Growing up in Cheverly, Maryland, in the late 1950s and ’60s, I played with friends for hours in the woods behind my house. A fallen tree became a pirate ship sailing the open seas. Many an unlucky box turtle was, regrettably, adorned with my initials in nail polish before I set it free. At dusk I would lie in bed listening to the flute songs of wood thrushes rising from the woods, though at the time, I didn’t know the birds by name.

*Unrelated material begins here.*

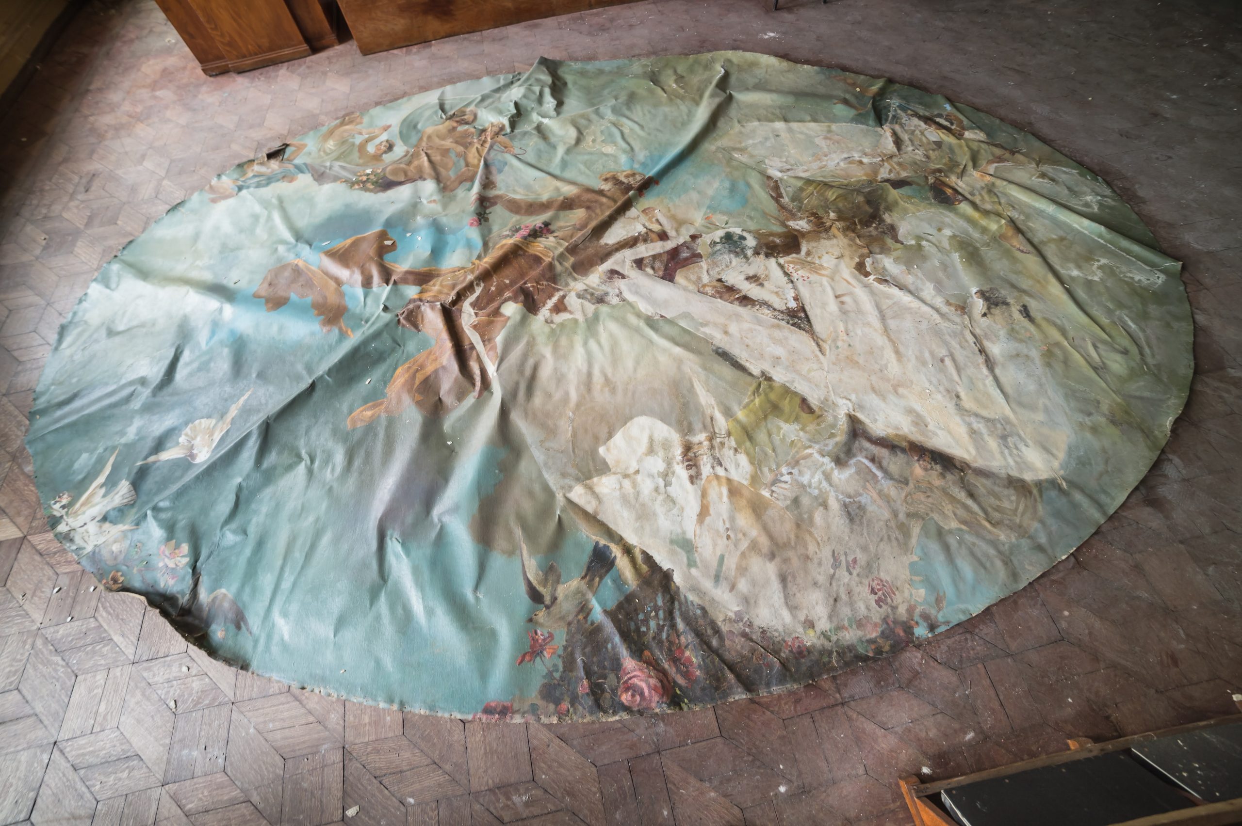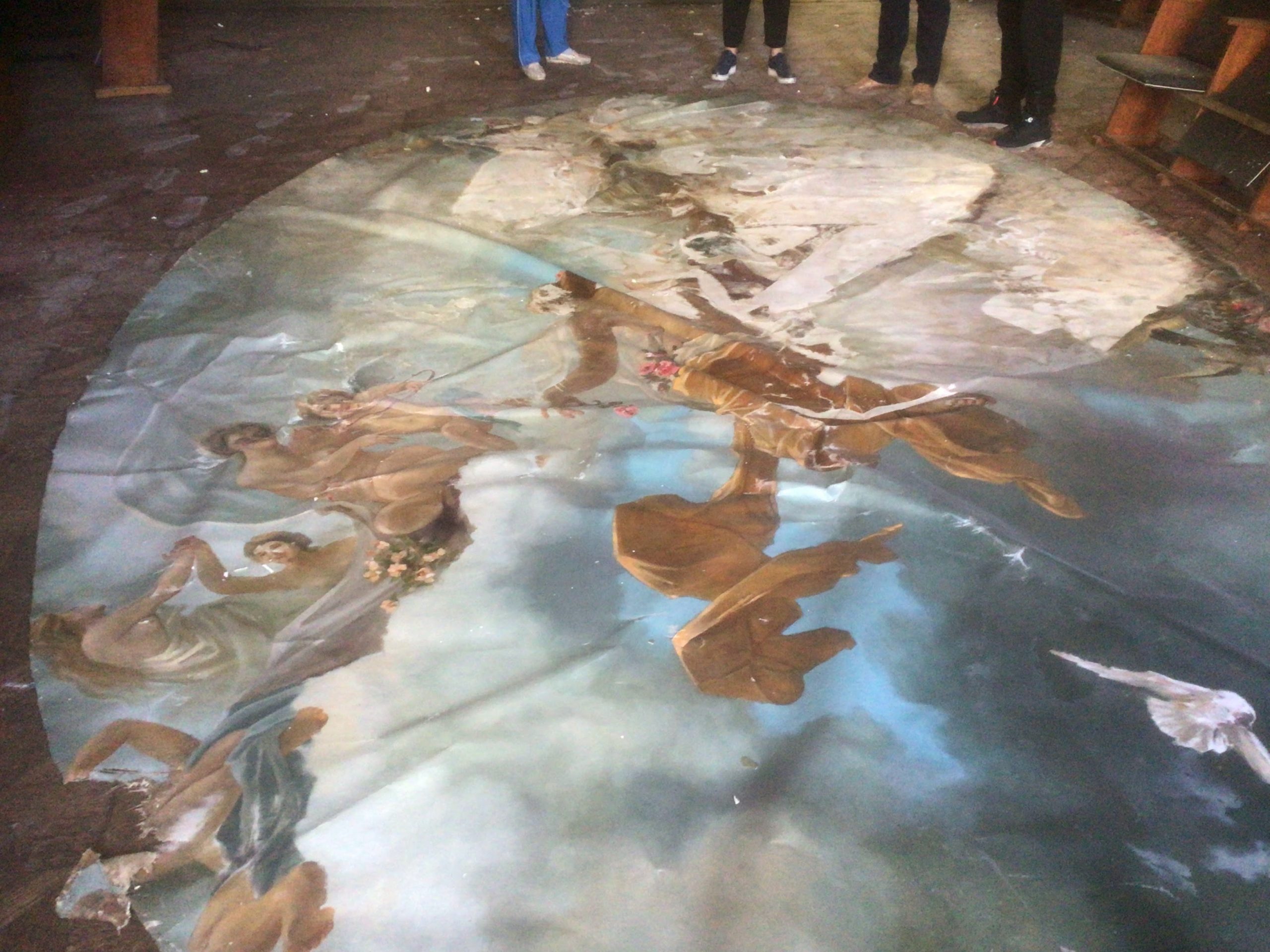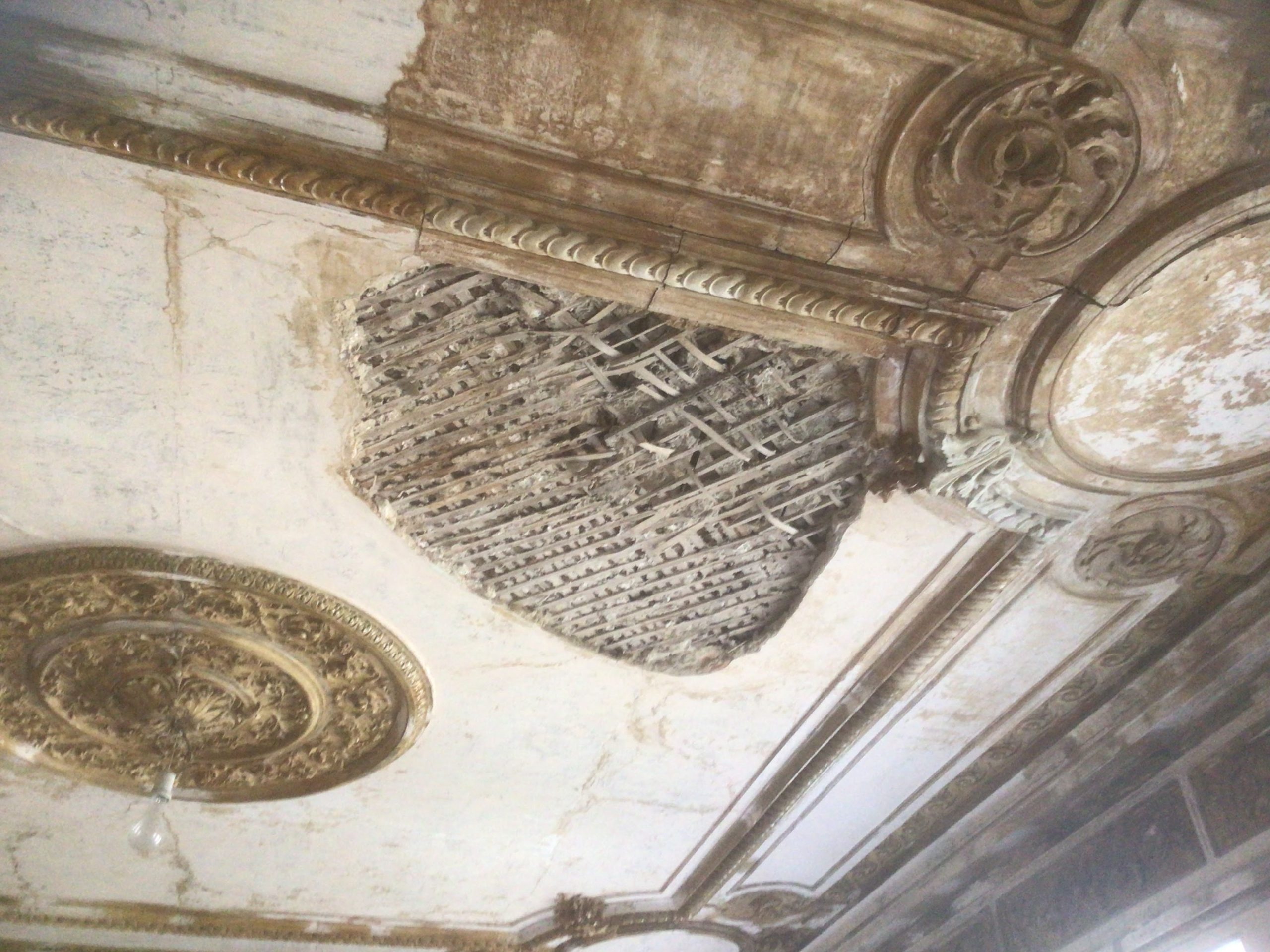 A torn celling decoration in a 19 century historical monument is evaluated by experts.

Soul Friend and Other Love Notes to the Natural World
When I was 11 years old, my family moved to Hingham, Massachusetts, a quaint New England town with a beautiful harbor, where, in summer, we launched our boat and fished for flounder. Summers in Hingham were milder than those I’d known before. Winters were long and dark. Plows pushed snow into mounds that reached the tops of street signs. There, they lingered for weeks, crusty and blackened, like icy fortresses.
Soon after our move, likely spurred by those bitter-cold winters, my father began feeding and watching birds. He learned, and taught me, the names of our avian neighbors. He built me a small, wooden platform, which he placed outside my bedroom window, where I could sprinkle seeds and get an up-close view of the birds. For a lonely preteen, birdwatching became not only a fascination but also a comfort, as it is, still, today.

About the time we moved to Massachusetts, my grandparents moved from Washington, D.C., to retire in Florida. Throughout my teen years, I wrote to them and eagerly awaited their replies. When I was perhaps 14, my grandfather, who had been a typesetter and proofreader for the Washington Daily News, told me, “You should write.” I took his words to heart and never let them go.
In the ensuing years, since my graduation from the College of the Holy Cross, where I majored in English, I’ve worn many professional hats: child care worker, writer and editor, wildlife advocate and lobbyist, and even drum circle facilitator. Writing for Wonderful West Virginia magazine and then serving as its editor from 2006 to 2014 was a joyful chapter in my career.

Today I live and work in Charleston, West Virginia. In recent years, I’ve combined my passions for nature and writing in personal essays that have appeared in anthologies and other publications, among them The Brevity Blog, Stonecrop Review, Still: The Journal, Woods Reader, Wonderful West Virginia, and the Charleston Gazette-Mail. I am thrilled that several of these essays appear together for the first time in my first book, Soul Friend and Other Love Notes to the Natural World, released in Spring 2025 by Blackwater Press.